忍び寄る者
明日香はケーブルカーのチケット売り場に向かう。人の話し声がだんだんと大きくなる。しかし近づいてきてようやく知ったのだが、なんと長蛇の列であった。約30分待ちである。
もう、なんなのよっ!そんなこと考えてなかった。踏んだり蹴ったりじゃん!
「ええーもうどうしよう。歩くのは嫌だし、待つのも嫌だし。」
と思わずひとりごちた。だが、花梨に乗ると言った手前、さすがに乗らないわけにはいかない。重い脚を引きずりながらチケット売り場の列に乗ろうとした時だった。
売り場の背後のずっと奥深くに、鬱蒼とした木々のつくる闇で不気味に白く浮かびあがっている扉を見つけた。随分と昔にはそこに小屋のようなものが建っていたのだろうが、扉しか残っていない。遠くからでもその扉が今にも倒れそうになっているのがわかる。
明日香はなぜかその扉から目が離せなかった。粘液のように扉が目にまとわりつき、どうしても視線を逸らすことができないのだ。明日香は吸い寄せられるようにゆっくりと近づいていった。
サクッ、サクッ…。草を踏み分け、無心で進む。サクッ、サクッ…。頭上はだんだんと木に覆われ、薄暗くなっていく。サッ、サッ…。少し霧が出てきて、ひんやりとした風が吹く。サッ、サッ…。あたりに静けさが満ち、自分の息の音しかしない。ヒタ、ヒタ…。靴はいつのまにか水に浸っている。ヒタ、ヒタ…。あと少し。あと一歩。
ほっ。安堵でため息をつく。ようやく着いたっ…。改めて近くで見ると、傷跡が目立ち、茶色くくすんでいる。さっきから心臓がバクバクしている。扉の先に何かある予感がする。もしかしてこの向こう側は夢に出てくるようなワンダーランドだったりしないかなあ。取手に吸い付くように手を置き、恐る恐る押し開けた。

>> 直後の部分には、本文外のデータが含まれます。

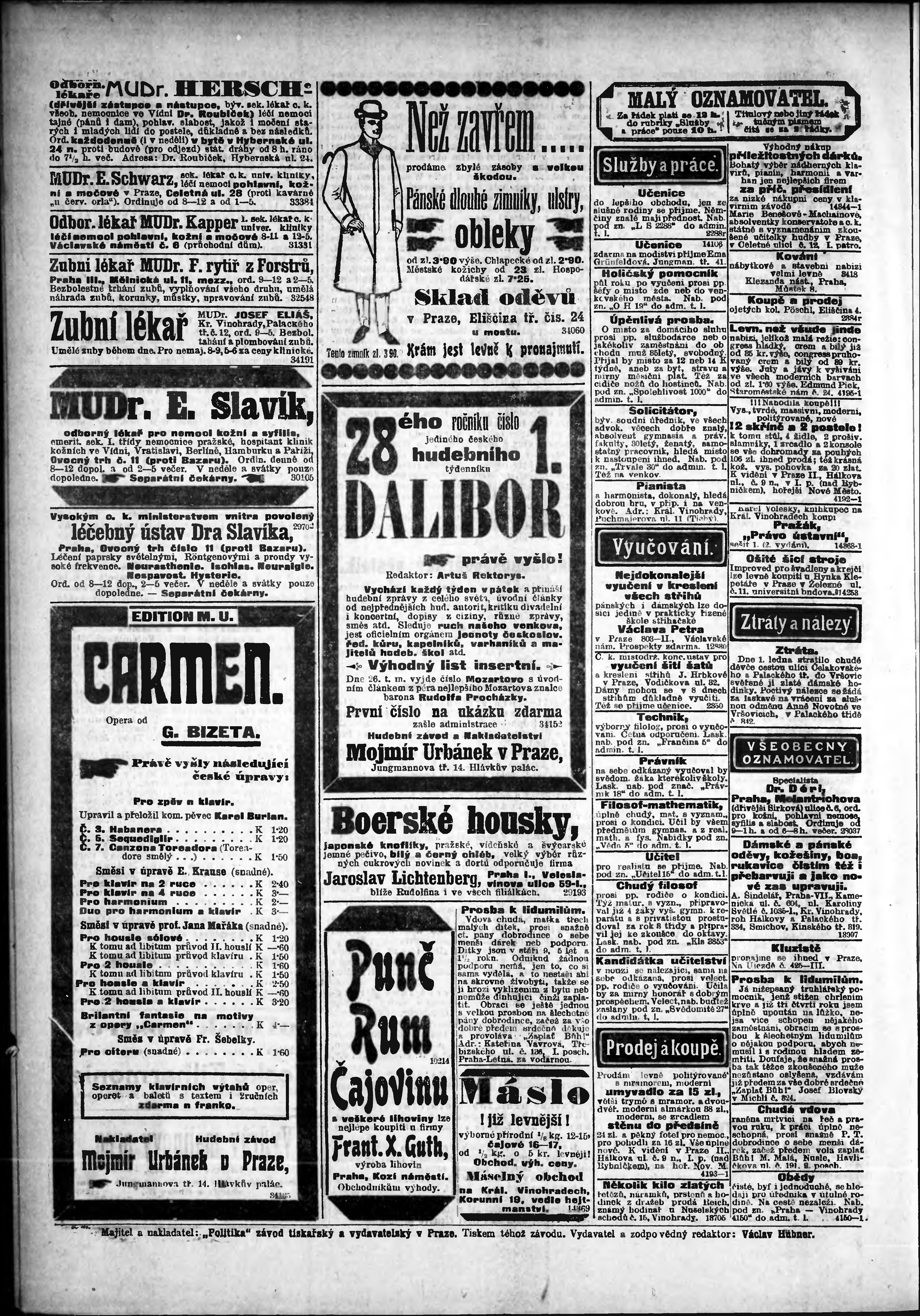 * Datum vydání výtisku: 4.1.1906 Číslo výtisku: 3 Poznámky k výtisku: odpolední vydání;
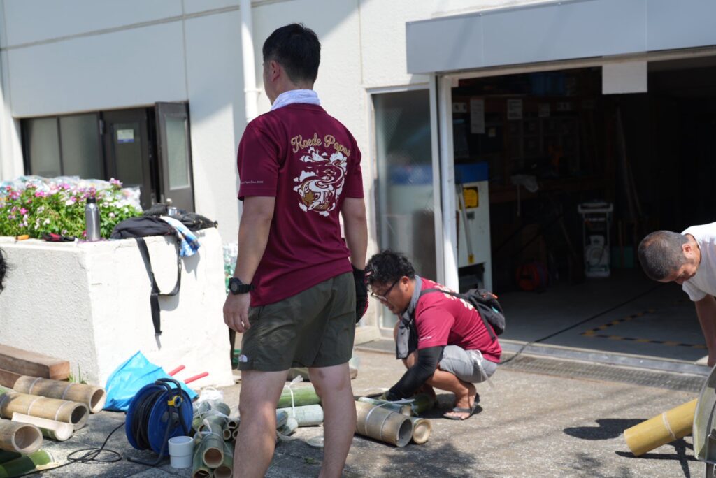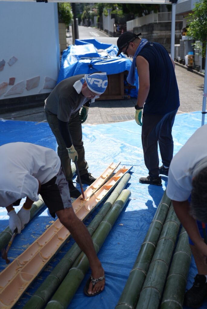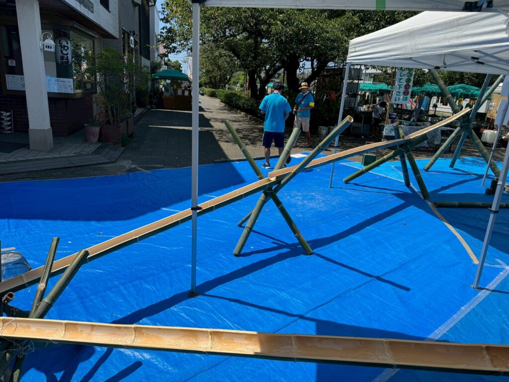 流しそうめんのスライダー部分を支える支柱も、もちろん竹で組み立てます。
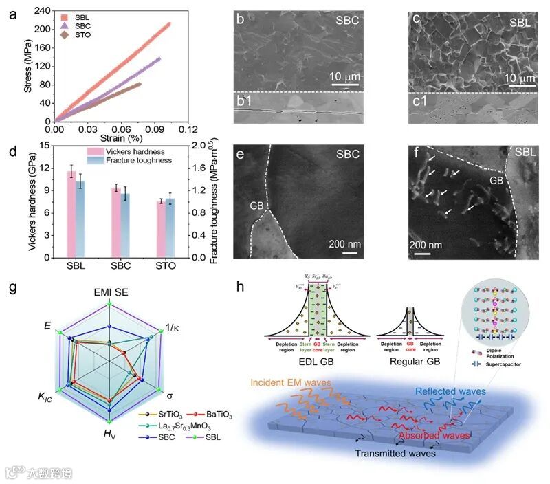 ,类似于背靠背的双电层超级电容器结构。这种双电层结构的晶界增加了陶瓷的偶极子极化和极化损耗,导致了陶瓷大的复介电常数和介电损耗,从而导致在X波段的总电磁屏蔽效能高达32 dB以上,即使在1200 ℃空气中退火后仍能保持稳定。(3)这种具有高水平空位偏析的独特晶界导致了SBL陶瓷的断裂方式为沿晶断裂,这不仅提高了其断裂韧性,还增强了其弯曲强度。该研究创新性地提出了一种兼具优异力学性能与电磁屏蔽功能的新型材料设计策略,其突出的环境耐受性使其在航空发动机及可回收火箭等极端工况下具有重要应用前景。

蝶番の軋む音と共に扉から光が漏れ出す。扉の向こうは薄暗い森ではなかった。夢の詰まった魔法の国、でもなかった。向こう側では扉は崖の淵にあるのだろう。小さな家と干からびた田んぼが見渡せた。まばらに歩いている人は擦り切れた服を着て、痛々しいほど細かった。緑の草木はほとんどなく、辺り一面茶色だった。なに、ここ…。もう少しよく見ようと身を乗り出す。その時、背後から影が差した。なんだろうと振り返ろうとした瞬間、「コウリュウ…」と呟く声が聞こえ、ドンッと突き出され、空中に浮かんだ。
えっええええきゃーーー……。残ったのは明日香の悲鳴と黒い人影だけだった。